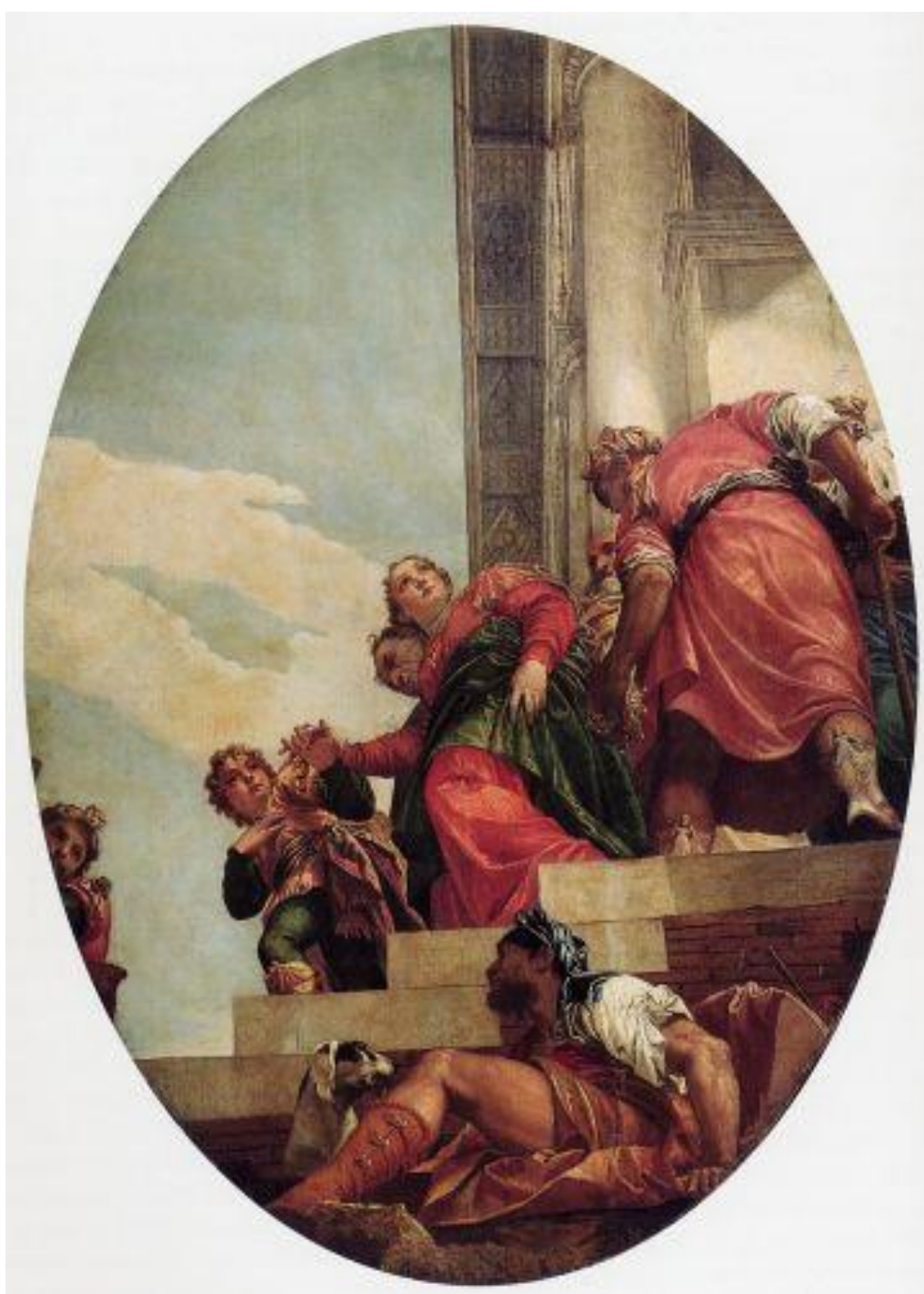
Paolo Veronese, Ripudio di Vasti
- - - - - - -
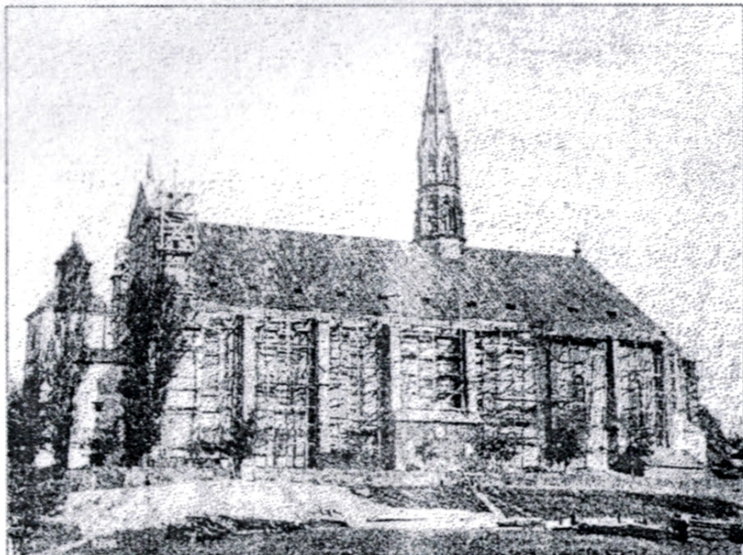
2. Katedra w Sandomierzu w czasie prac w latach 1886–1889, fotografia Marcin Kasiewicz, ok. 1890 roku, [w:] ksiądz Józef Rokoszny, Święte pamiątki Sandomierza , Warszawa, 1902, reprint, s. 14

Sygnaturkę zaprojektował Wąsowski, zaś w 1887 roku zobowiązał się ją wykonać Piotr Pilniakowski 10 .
- - - - - - -
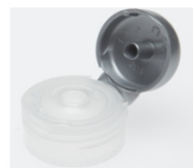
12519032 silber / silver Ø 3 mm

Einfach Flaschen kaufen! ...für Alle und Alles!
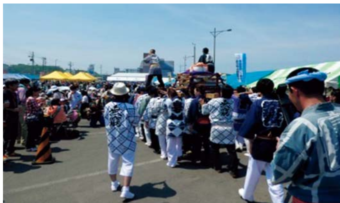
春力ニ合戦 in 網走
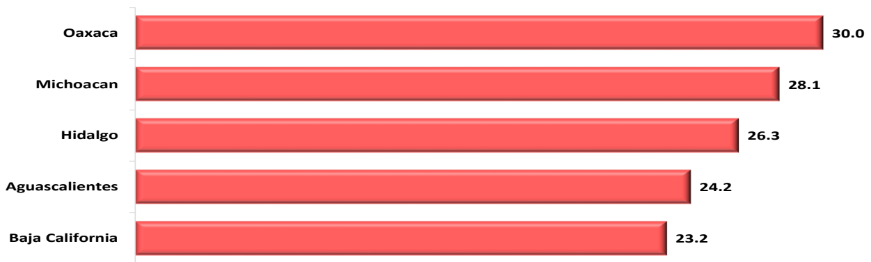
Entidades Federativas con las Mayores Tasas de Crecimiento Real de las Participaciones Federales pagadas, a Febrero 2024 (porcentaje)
- - - - - - -
In the listing above, find the line containing "2. Katedra w" and the line containing "Sygnaturkę zaprojektował Wąsowski, zaś", then quote both, plus every line between them, exactly as written.

COMPLETED EXERCISE
2. Katedra w Sandomierzu w czasie prac w latach 1886–1889, fotografia Marcin Kasiewicz, ok. 1890 roku, [w:] ksiądz Józef Rokoszny, Święte pamiątki Sandomierza , Warszawa, 1902, reprint, s. 14

Sygnaturkę zaprojektował Wąsowski, zaś w 1887 roku zobowiązał się ją wykonać Piotr Pilniakowski 10 .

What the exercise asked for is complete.